Although trafficking is illegal, the fuel for it – prostitution – is not. Until 2013, it was perfectly legal here to pay for sex with 16-year-old girls. Now it’s 18 and the trade is booming.

According to the Coalition Against Trafficking in Women (CATW), an international NGO, around 14,000 women are currently selling sex in Switzerland, with approximately 70 per cent coming outside the famously conservative nation.

Prosecutions are rare but two years ago a woman was convicted of trafficking 80 Thai women into Switzerland who were sent to brothels in Bern, Solothurn, Lucerne, Basel, St. Gallen and Zurich.

Like hundreds, perhaps thousands of others, they were kept under lock and key and forced to service local men to pay off their “travel debt”.
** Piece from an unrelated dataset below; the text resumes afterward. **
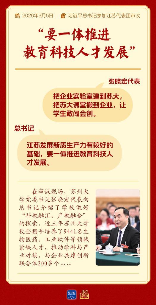 張曉宏代表來自蘇州大學(xué),向總書記介紹了學(xué)校推進(jìn)“科教融匯、產(chǎn)教融合”的探索:“把企業(yè)實驗室建到蘇大,把蘇大課堂搬到企業(yè),讓學(xué)生敢闖會創(chuàng)。”近三年校企攜手培養(yǎng)了9441名生物醫(yī)藥、工業(yè)軟件等領(lǐng)域緊缺人才,推動學(xué)科與產(chǎn)業(yè)對接,與企業(yè)共建創(chuàng)新聯(lián)合體200多個……

One who, aged 20, was taken from her home in Romania into a brothel in Basel and who now volunteers for an NGO in Zurich said she had been regularly beaten.

“The men in Switzerland are much richer and more educated than our men, but [they] are the same with us. They abuse us and think they can because they pay.”

The country’s willingness to see women trafficked and sold on its streets in broad daylight flies in the face of its reputation as a place of sanctuary.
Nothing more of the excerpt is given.